Union says Sask. teachers won't budge on contract asks as members strike Monday
Province says it is has offered teachers a 'fair deal,' is disappointed by 2nd 1-day strike
Saskatchewan teachers held a second provincewide one-day strike on Monday, as a stalemate in negotiations between their union and the Saskatchewan government continues.
The teachers' collective agreement expired in August and the two sides have been in negotiations since June with no resolution. Their contract proposals differ so significantly in some aspects that a conciliation board tasked with helping usher them to an agreement found it couldn't provide suggestions on some items, including salaries, class size and class complexity.
Monday's strike comes after some 13,000 STF members walked out and picketed across the province last Tuesday, the union's first strike since 2011.
"I can guarantee you not a single teacher who's out here today wants to be here. We want to be in the classroom with our students," said Peggy Welter, standing near the Albert Street bridge in Regina as car horns blared in the background.
Welter, a member of the STF provincial executive, said one of the parties will have to budge on negotiations, but that "it's not going to be us."
Welter said parents and some of her own students were among the picketers. She said businesses have also sent donations in support.
In a news release Monday, the union said more than 18,000 emails and phone calls have been sent to Education Minister Jeremy Cockrill, Premier Scott Moe and other members of the legislative assembly in less than two weeks.
It also said that if the government doesn't give its bargaining committee a new mandate to negotiate class size and complexity, teachers will have "no choice but to continue to exercise the only options we have left to bring them back into discussions."
In October, union members voted 95 per cent in favour of authorizing possible sanctions and job actions.

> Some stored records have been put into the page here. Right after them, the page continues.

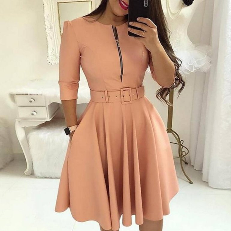 Пудровое платье трапеция.
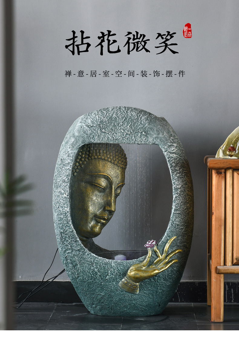 부처 동상 분수 새로운 중국 선 스타일 홈 장식 인테리어 풍경 거실 순환 물 행운의 바닥 장식스토어 가기
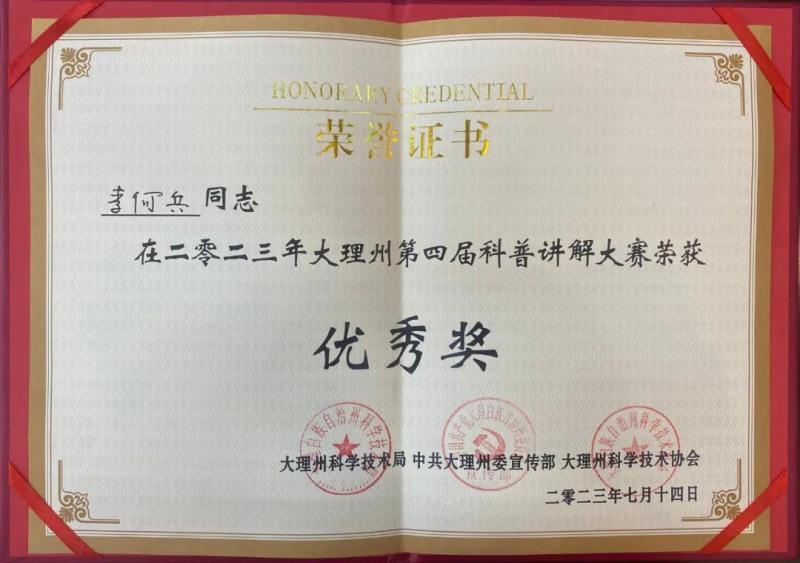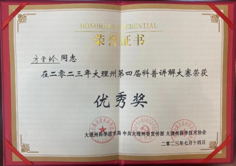 7月14日,BB贝博艾弗森官方网站学生方雪玲、李何兵在大理州第四届科普讲解大赛中荣获优秀奖。
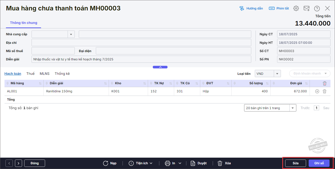 7. Nhấn Sửa để bổ sung thêm thông tin cho chứng từ hoặc nhấn Ghi sổ để ghi sổ chứng từ.

Becotte has said the union hopes to avoid a full-blown indefinite strike and the disruptions that would cause for students and families, but maintains the province has refused to budge on reducing class sizes or funding supports for students with complex needs.
"If you have classes of 30, 40 kids with a bunch of complexities in there, you cannot do your job the way you need to be doing it," Welter said.
The teachers' federation has accused the province of refusing to talk about salaries until other issues are resolved.
Teachers are asking for two per cent annual wage increases and to have salaries tied to the consumer price index — a common measure of inflation.
The province, meanwhile, has said the CPI is not a factor in any other collective agreement it has signed, and maintains that its offer of a seven per cent raise over three years would keep Saskatchewan teachers' salaries above the Western Canadian average.
The Ministry of Education said in a statement Monday it is disappointed by the strike, and has said that class size and complexity issues are best addressed at the school division level, not in the collective agreement. It also said it's addressing issues of class size and complexity with $53.1 million in government spending on enrolment and complexity, a teacher-led innovation and support fund, and specialized support classroom pilot projects.
The provincial government-trustee bargaining committee said on Thursday it is "ready to discuss competitive salary and benefits, but cannot negotiate without the STF at the table as well."
Becotte, meanwhile, said the union is ready and willing to keep bargaining.
Opposition NDP Leader Carla Beck joined picketers just a couple blocks away from Welter.
"It didn't have to be this way. It didn't have to come to this," she said.
"There are solutions to be found here and the condition, the deterioration of our publicly funded, publicly delivered school system has to be addressed."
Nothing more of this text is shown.